"Day after day, day after day, We stuck, nor breath nor motion; As idle as a painted ship Upon a painted ocean."
- Samuel Taylor Coleridge (The Rime Of The Ancient Mariner)
Note: I'm trying to tighten up the rate of entries. I'll do another post in about a week with the parts I didn't get done in time for this one.
One of the concepts that came up in conversations with other homeless was that we were always the same person, and when circumstances get better, it's just a matter of getting back into the swing of things.
That's not entirely true, it depends on how long you're out there and what life is like during that time. You'll generally have to find yourself again.
If I had spent 14 months out there carrying everything I owned in the world in a backpack and sleeping in a makeshift shelter, I'd have have come out a different person than someone who spent that same amount of time in an old Cadillac.
Our basic nature would probably be intact, and but our lives are more than this simple essence or kernel...we manage our lives, making decisions that resolve immediate situations and others that have long term consequences. Many of the responses will run on automatic until consciously changed.
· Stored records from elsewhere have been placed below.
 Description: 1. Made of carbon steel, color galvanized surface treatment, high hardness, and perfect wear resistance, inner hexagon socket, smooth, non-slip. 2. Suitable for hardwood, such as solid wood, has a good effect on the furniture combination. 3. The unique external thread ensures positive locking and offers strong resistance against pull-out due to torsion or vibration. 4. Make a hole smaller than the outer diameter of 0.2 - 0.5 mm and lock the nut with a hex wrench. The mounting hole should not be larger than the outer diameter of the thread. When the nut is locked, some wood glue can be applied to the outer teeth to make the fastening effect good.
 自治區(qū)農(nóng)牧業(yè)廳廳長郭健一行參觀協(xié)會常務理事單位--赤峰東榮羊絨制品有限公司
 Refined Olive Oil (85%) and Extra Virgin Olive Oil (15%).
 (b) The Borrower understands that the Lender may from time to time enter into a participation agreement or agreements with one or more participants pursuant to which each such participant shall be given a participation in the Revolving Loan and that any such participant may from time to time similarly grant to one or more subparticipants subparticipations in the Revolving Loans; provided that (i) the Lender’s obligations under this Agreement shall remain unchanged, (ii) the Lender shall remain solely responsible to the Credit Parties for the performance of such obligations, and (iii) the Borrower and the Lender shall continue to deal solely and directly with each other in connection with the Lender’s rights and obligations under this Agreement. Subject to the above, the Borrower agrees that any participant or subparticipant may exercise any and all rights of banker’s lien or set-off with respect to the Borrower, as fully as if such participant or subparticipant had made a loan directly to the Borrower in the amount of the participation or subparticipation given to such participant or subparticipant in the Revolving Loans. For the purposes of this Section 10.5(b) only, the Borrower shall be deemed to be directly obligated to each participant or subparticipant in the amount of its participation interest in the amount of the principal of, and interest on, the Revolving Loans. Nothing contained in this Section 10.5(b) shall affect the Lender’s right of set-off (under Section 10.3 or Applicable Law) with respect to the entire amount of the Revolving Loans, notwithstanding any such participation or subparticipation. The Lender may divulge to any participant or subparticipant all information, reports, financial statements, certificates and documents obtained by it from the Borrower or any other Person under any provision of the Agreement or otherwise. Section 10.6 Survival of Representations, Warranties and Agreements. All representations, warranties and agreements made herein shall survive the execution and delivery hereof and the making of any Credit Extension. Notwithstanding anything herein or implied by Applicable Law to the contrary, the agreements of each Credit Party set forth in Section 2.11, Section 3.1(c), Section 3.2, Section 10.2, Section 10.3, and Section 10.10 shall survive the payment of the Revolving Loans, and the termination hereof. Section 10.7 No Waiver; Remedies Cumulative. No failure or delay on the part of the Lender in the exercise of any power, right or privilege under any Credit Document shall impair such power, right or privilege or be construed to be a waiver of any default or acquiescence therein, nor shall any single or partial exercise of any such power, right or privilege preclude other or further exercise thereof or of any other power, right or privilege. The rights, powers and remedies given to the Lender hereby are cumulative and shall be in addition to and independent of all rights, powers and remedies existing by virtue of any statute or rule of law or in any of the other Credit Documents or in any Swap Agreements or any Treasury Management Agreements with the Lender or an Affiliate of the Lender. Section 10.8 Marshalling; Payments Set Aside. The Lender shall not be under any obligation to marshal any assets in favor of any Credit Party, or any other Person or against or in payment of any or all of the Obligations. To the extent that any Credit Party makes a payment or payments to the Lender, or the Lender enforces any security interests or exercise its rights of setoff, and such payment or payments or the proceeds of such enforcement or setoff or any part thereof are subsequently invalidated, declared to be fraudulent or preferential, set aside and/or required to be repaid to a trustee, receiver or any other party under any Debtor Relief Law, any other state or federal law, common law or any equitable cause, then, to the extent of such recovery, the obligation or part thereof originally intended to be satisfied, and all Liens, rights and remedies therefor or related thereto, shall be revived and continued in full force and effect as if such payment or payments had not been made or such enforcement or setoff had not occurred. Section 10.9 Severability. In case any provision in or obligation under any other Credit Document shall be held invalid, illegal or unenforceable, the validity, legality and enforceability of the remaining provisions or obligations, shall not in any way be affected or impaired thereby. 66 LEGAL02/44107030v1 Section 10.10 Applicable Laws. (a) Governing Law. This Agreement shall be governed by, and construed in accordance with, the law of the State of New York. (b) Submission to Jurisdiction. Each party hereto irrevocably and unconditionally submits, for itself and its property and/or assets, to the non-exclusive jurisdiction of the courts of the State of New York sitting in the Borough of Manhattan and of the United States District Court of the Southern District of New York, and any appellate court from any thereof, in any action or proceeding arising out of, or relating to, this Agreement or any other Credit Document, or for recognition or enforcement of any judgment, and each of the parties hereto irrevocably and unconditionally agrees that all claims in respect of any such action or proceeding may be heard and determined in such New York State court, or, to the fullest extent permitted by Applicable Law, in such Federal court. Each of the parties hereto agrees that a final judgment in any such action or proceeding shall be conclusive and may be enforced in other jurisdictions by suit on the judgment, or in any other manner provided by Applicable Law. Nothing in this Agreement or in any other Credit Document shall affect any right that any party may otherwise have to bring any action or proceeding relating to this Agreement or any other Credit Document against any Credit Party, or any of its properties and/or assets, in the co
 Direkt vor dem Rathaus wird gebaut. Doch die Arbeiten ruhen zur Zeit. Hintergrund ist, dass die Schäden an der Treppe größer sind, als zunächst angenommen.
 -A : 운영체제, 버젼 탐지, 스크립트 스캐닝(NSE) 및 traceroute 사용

The guy (me) who took off with his dog in February of 2016 was different than the guy who later that summer gave a shirt to a young man who'd been robbed of his clothes...the earlier me would have done it out of pity and compassion, the summer me did it knowing that while I was getting the shirt out of the trunk, the kid had gotten a good look at what was inside and probably would pass that info on to his druggie pals. Sure enough, I later watched from a distance as a young woman from his crowd tried to break into my trunk.
An earlier me might have confronted her or called the cops, the smarter me who had to live there decided that she was clearly too incompetent a burglar to get into the trunk and let it go, also knowing anyone calling the cops would labeled a squealer with maybe a dozen or more of her friends who'd be pissed about it and having nothing better to do in life than retaliate...the tough take no crap attitude is replaced by a philosophical time-space outlook that sees that anything that could happen would take place well inside the police response time or in a remote place while hiking that unlike the movies would really be like an animal brought down by a pack.
The outside world would call it living in fear, and that'd be true, but it's also seeing reality and making intelligent choices stripped of the often unrealistic truisms of law and order. Having seen such situations and acted accordingly in the short and long term, what happens when you are out of that life and safer?
...a new life...
On my flight to the Midwest, I began to tear up and break down as the airliner taxied down the runway. As we climbed, I quietly cried and it wasn't from happiness or excitement. It was from a profound sense of relief, like I'd escaped all the constant fears that wore on me. Happiness has a different meaning in the life I was leaving.
It wasn't apparent for maybe a few days that there was something not quite right with me. The assumption was that entering into the normal world would be like riding a bike again...maybe a little rust, but you're off and running.
I'd say that in most things it was like riding a bike. What wasn't so obvious was that 14 months in the homeless world had affected my emotions, or more specifically emotional responses. People don't always understand that normalcy isn't a switch that turns on and off.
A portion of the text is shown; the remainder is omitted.